Adjuvant treatment after lymph node dissection or given to patients with thick melanomas show prolonged diease-free interval in some patients, but with no benefit in survival. The treatment is long lasting, give rise to considerable side-effects and is not standard treatment (25).

Yervoy® (ipilimumab) is a human monoclonal antibody towards CTLA4 (cytotoxic T-lymphocyteantigen4). Ipilimumab enhances T-cell activation and thereby the immune response against cancer cells. Ipilimumab  has shown an increased median survival of 2 months (15, 16). Some patients (15%) are long-term survivors. The treatment consists of 4 courses given with 3 weeks interval. The response often appears late, even after cessation of the treatment. A transient progression (pseudoprogression) is also commonly seen before the response. Ipilimumab should therefore not be applied in patients with rapidly progressing disease, debilitated general condition and/ or large tumour volume.

Yervoy® can cause serious side effects, the most common are autoimmune colitis, hepatitis, dermatitis and hypophysitis. It is very important that the patients report side-effects rapidly to departments experienced with such side-effects. The drug is accepted by FDA (US Food and Drug Administation) and EMA (European Medicine Agency) for treatment of melanomas with metastases. Ipilimumab is very expensive and Norwegian Hospitals are not approved to apply it without extra consession. In Norway (per September 2014) ipilimumab is given in a national phaseIV study (IPI-4 study).

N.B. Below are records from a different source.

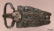 Plaque-boucle trapézoïdale en fer, à extrémité en queue d'aronde. Décor de motifs géométriques réalisés par incrustations de fils d'argent (damasquiné). Période : premier tiers du VIIe siècle apr. J.-C. Site de Cras Chalet.
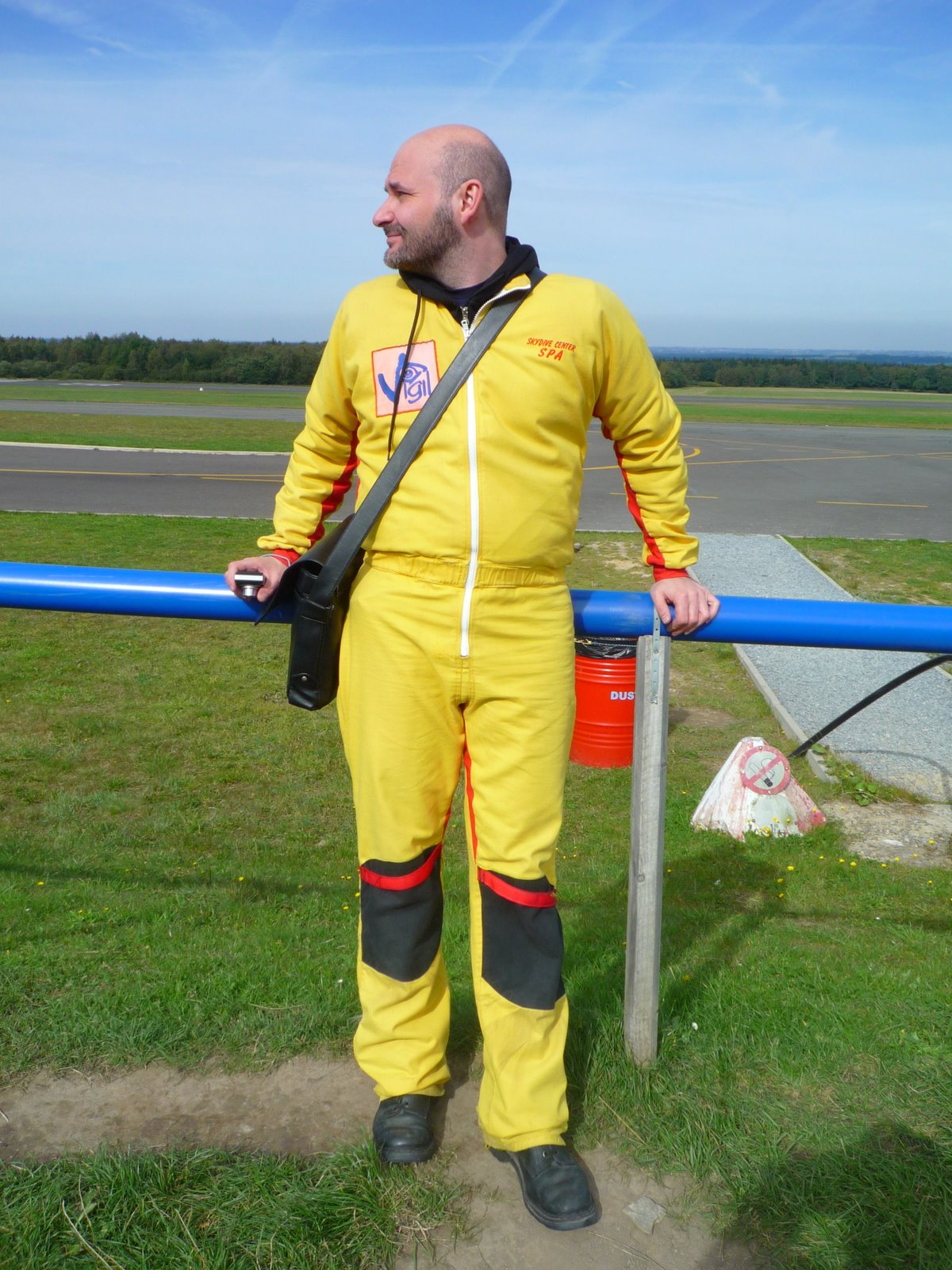 Les opérations ayant pris un peu de retard, c’est finalement vers 14h qu’un grand type blond et bronzé, affichant un beau sourire Pepsodent et répondant au prénom d’Yves, s’avance vers moi en me tendant la main. Il court partout quelques minutes avec son caméscope à la main, puis ajuste mon harnais par-dessus la combinaison frites-ketchup jaune et rouge que j’ai déjà enfilée toute seule comme une grande. Je rentre mes cheveux dans le col de mon sweat, remonte la fermeture éclair de la combi jusque sous mon menton, essaye les lunettes en plastique par-dessus les miennes et me déclare parée.
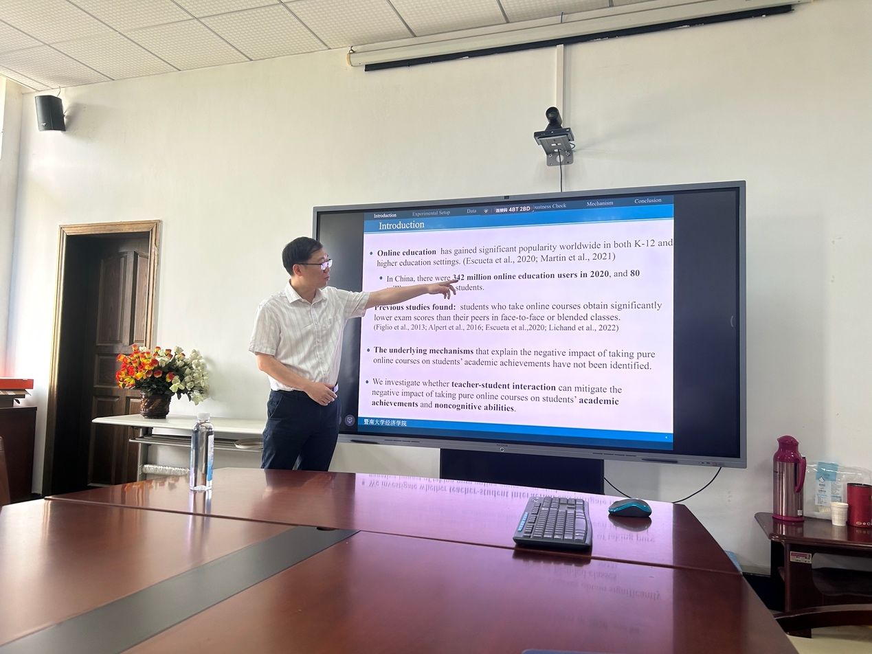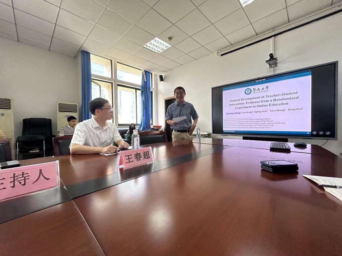 2024年6月6日上午9:00,经济中南“文澜高端论坛系列活动”第58期讲座在文泉楼南207会议室成功举办。本期特邀暨南大学永利集团3044官网欢迎您院长王春超教授作为主讲嘉宾,永利集团3044官网欢迎您院长石智雷教授担任主持人,讲座主题为“Student Development in Teacher-Student Interaction: Evidence from a Randomized Experiment in Online Education”。永利官网周强副教授、潘峣副教授、叶琴博士、袁璐璐博士等30余名师生参加了本次讲座。

Another naural inhibitor of T-cell activation is PD-1 (programmed death -1). Studies on antibodies against PD-1 are promising (26) and the antibody is expected to be accepted within a short time. A combination with ipilimumab and Nivolumab (PD-1 antistoff) is tested in a phse III study after promising results of a phase IV study (27).

Signal inhibitors

The discovery of a mutation on the gene coding for serine-threonine protein kinase, BRAF V600E mutation, in many melanomas represents a possibility for “targeted therapy”(36). BRAF inhibitors (Zelboraf® and Tafinlar®) interferes with melanoma cells in around 50% of the patients with this mutation (37). BRAF inhibitors also have effect on brain metastases.

BRAF mutation can be identified in 50% of the patients with skin melanomas and in around 10% of the patients with mucosla melanomas. Both Zelboraf® and Tafinlar® are given as tabets twice a day. The effect will usually appear rapidly with a considerable shrinkage of the tumour and improvement of symptoms. The respons is not seldom of relatively brief duration, 6-8 months (38). After an interval retreatment may cause new improvement in some patients, The most common side-effects are diarrhea, dry skin, itching, exanthema, baldness, photosensitivity (which may be severe), fatigue, considerable joint- and muscle pain and development of keratoacanthoma and spinocellular carcinoma. Tafinlar® causes less photosensitivity but often give rise to fever and hyperkeratosis. The therapy sometimes have to be discontinued due to the side-effects. This will be in cases when symptomatic treatment, dose reduction or a pause in the treatment does not help. Dose reduction of more than 50% is not recommended.